Hey, tied with Pyth!

(fOba.b)

Straightforward recursive definition borrowed from xnor's Haskell answer. With spaces added for clarity:

(f Ob a.b)

Every program in Pip is an implicit function that takes the command-line args as its arguments (assigned to variables a through e) and prints its return value. O is an operator that outputs and then returns its operand, so the first thing that happens here is the second argument is displayed (sans trailing newline).

Now, the Lisp-inspired syntax (f x y) in Pip is a function call, equivalent to f(x,y) in C-like languages.

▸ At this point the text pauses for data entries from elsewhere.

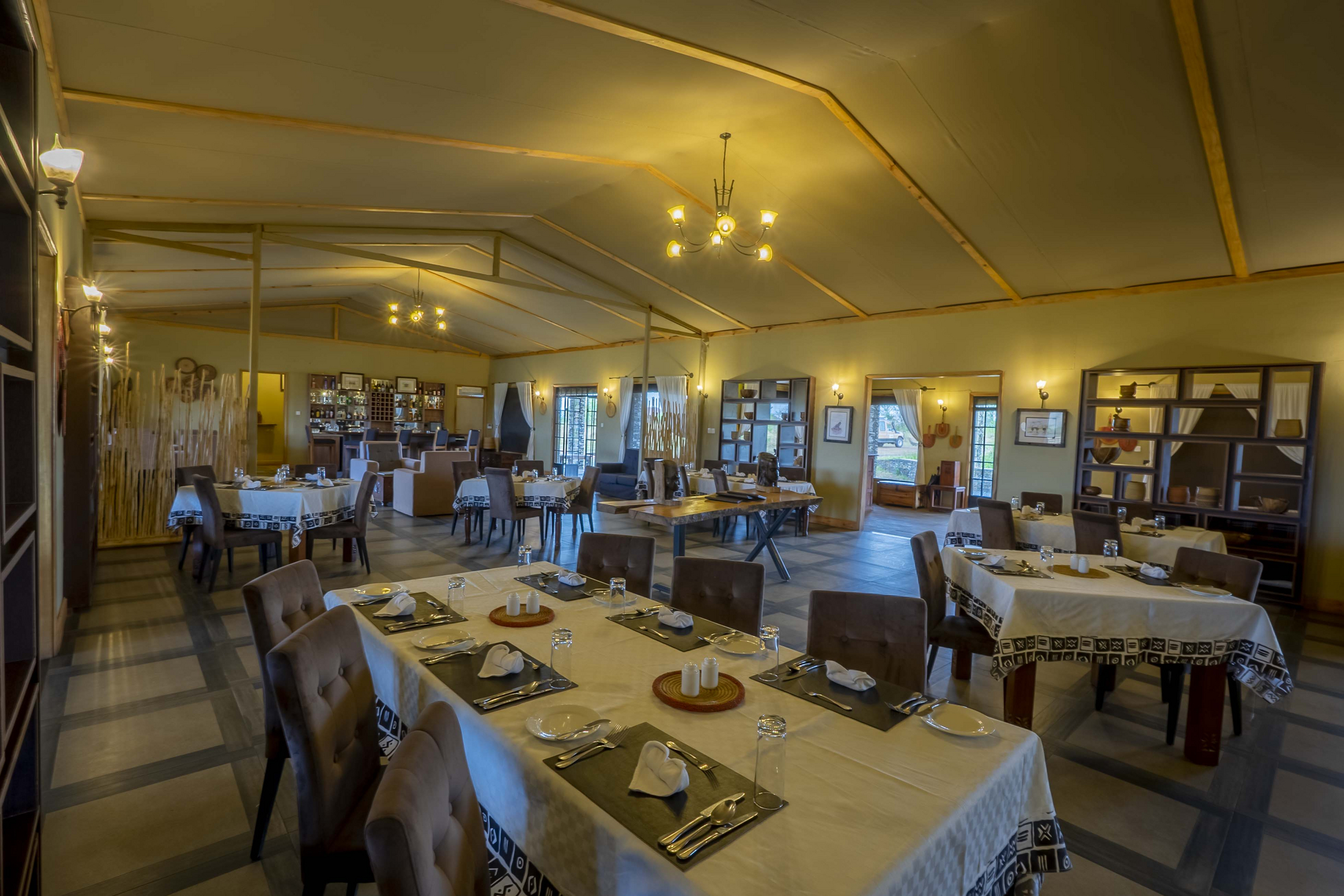 Das Serengeti Mara River Camp verfügt über einen zentralen Speise- und Loungebereich, in dem Gäste Mahlzeiten und Ruhe genießen können. Es gibt Decks bzw. Veranden zur Aussicht auf die Natur sowie WiFi im Campbereich.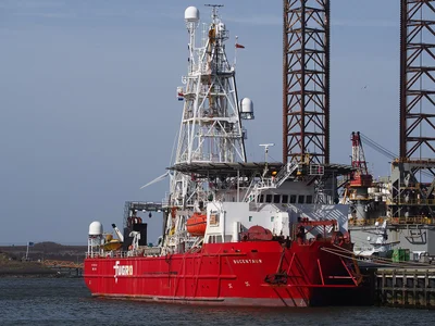 A Drill Ship is a self-propelled vessel equipped with advanced drilling equipment to explore and extract oil or gas from deepwater locations. It uses dynamic positioning to maintain stability without anchoring.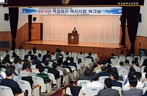 부산광역시교육청(교육감 김석준)은 지난20일 시교육청 대강당에서 제태원 행정국장, 학교공간혁신 촉진자와 T/F팀원, 교육지원청 담당자, 학교 교장과 담당교사, 행정실장 등이 참석한 가운데 ‘미래형 학교공간 혁신사업’ 워크숍을 열었다.
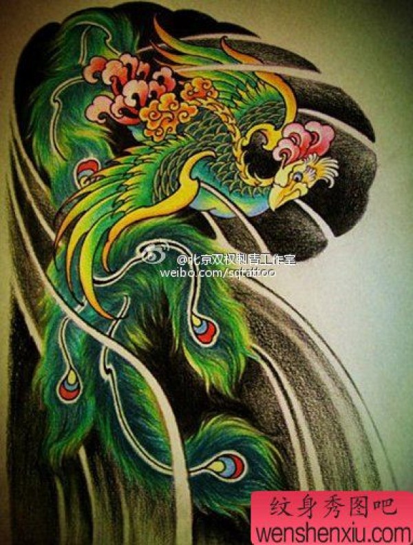 一张时尚经典的传统半胛凤凰纹身图案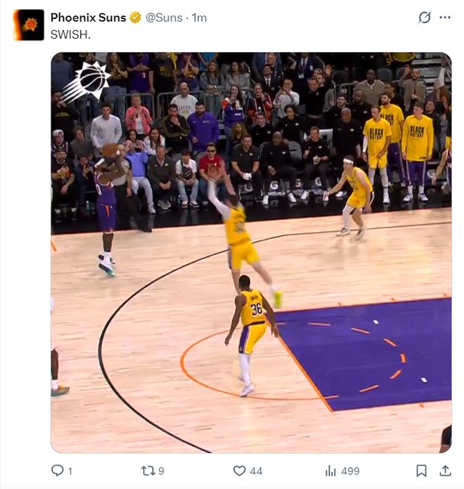 ESPN晒出布克、狄龙两个核心在场下看戏,东契奇还拿到41+8+8的数据还是湖人输,本赛季太阳面对湖人3胜1负。
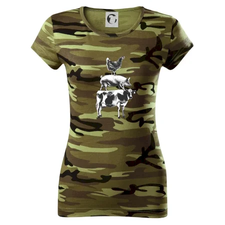 Tričko so sliepkou, prasaťom a kravou je tričko pre správneho farmára. Ak si aj Ty jeden z nich, tak toto tričko je presne pre Teba! Tento a mnoho ďalších designov nájdeš jedine u nás. Vhodné ako darček pre mäsiara.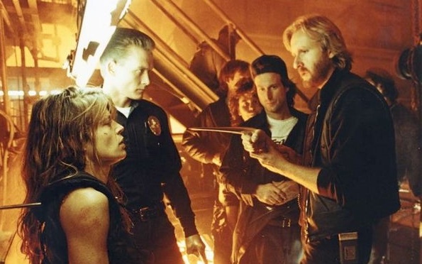 卡梅隆(图右)在《终结者2》拍摄现场。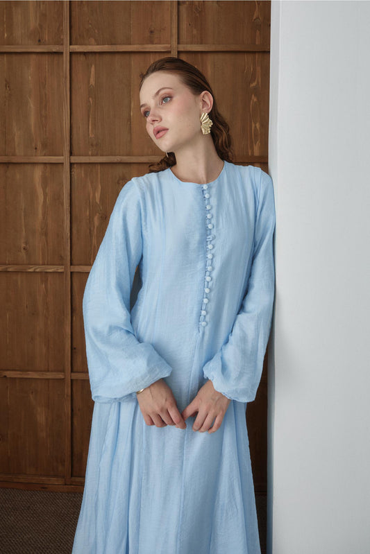 SAVE 37%Sedef Şifon Düğmeli Elbise Bebe Mavi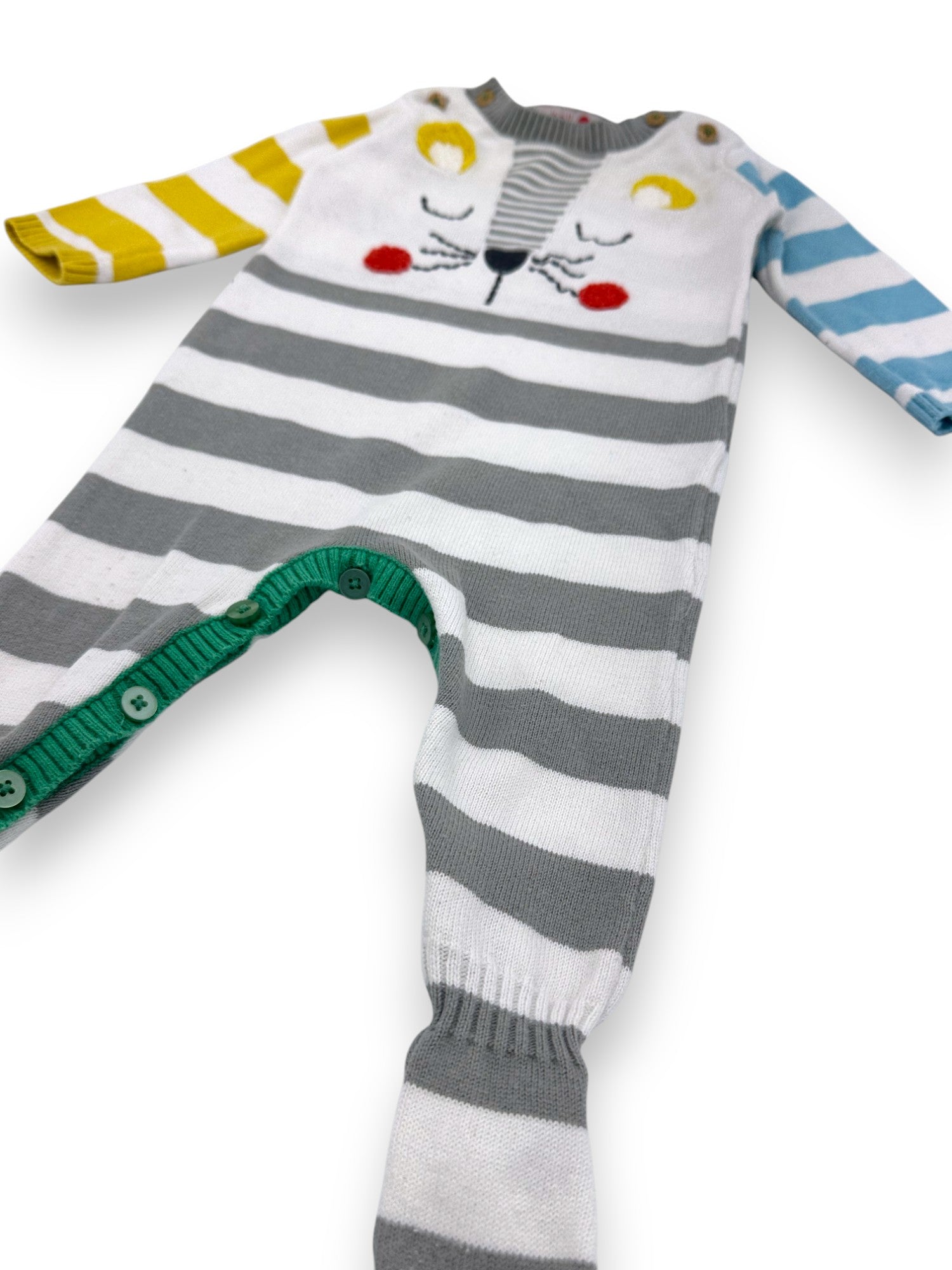 Babygrow de malha às riscas, da Boboli, com abertura entrepernas e nos ombros.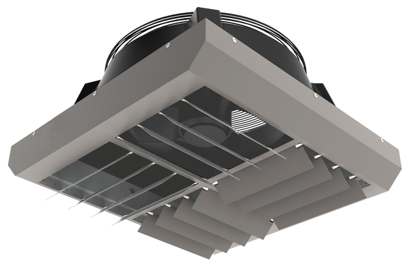Дестратифікатор з вибухозахищеним двигуном PROTON DTR EX призначений для запобігання явищу стратифікації - накопичення теплого повітря у верхній частині приміщення з підвищеними вимогами до вибухобезпеки. За допомогою дестратифікатора тепле повітря примусово направляється в робочу зону, що знижує втрати тепла через перекриття, прискорює обігрів будівлі та забезпечує підтримку необхідної температури. Максимальна дальність струменя повітря до 15 метрів, забезпечується завдяки продуманому конструктиву апарату. Регульовані чотиристоронні жалюзі правильно розподіляють потік повітря, і гарантують коректну дестратифікацію теплого повітря в приміщенні. Легкий корпус дозволяє здійснювати монтаж на висоті без особливих складнощів. Спеціально розроблена консоль полегшує монтаж дестратифікатора.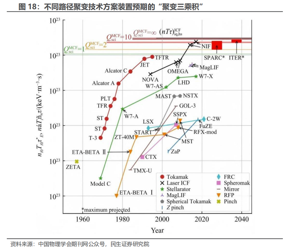 ■ 核聚变:人类能源问题的终极解决方案。可控核聚变是指在受控环境下,通过科学技术手段模拟太阳的核聚变原理产生能量,其核心在于使氢的同位素氘和氚结合释放能量,因此成为大众口中的“人造太阳”。实现核聚变反应,需要同时满足三个条件:足够高的温度(T)、一定的密度(n)和一定的能量约束时间(τE),三者的乘积称为聚变三乘积。近年来,中国可控核聚变逐渐开启了商业化道路,民营企业和民间资本陆续进入聚变能源这条赛道。
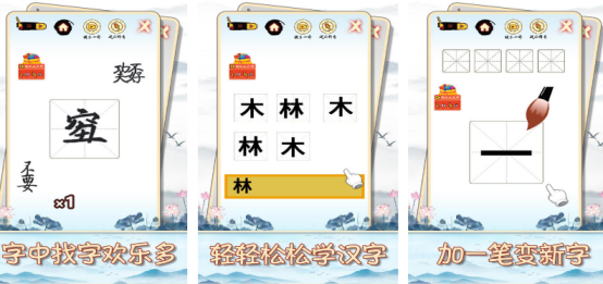 基于汉字题材上进行创作,这里所融入的烧脑谜题有很多,关卡的难度也是循序渐进的,玩家可通过关卡挑战的方式,解锁更多全新的汉字知识,玩家可以利用聪明的智慧,对于简约的汉字笔画以及结构进行重塑,可以拼写出正确的读音,这里还包括大量的闯关题目,每个关卡开始之后都会随机给出不同的题目。此外也有多样化的模式,任凭玩家选择,比如添加部首或者加一笔变新字等。

The f variable refers to the current function--in this case, the top-level program. Thus, the program recursively calls itself with b and a.b as the new arguments.

I was pleasantly surprised to find that this approach is plenty fast:

dlosc@dlosc:~$ time pip -e '(fOba.b)' 1 0 2>/dev/null | head -c1000000 > /dev/null

real    0m0.217s
user    0m0.189s
sys     0m0.028s

It takes about 30 seconds on my Ubuntu machine for the program to hit the max recursion depth, at which point it has printed out somewhere over a billion digits.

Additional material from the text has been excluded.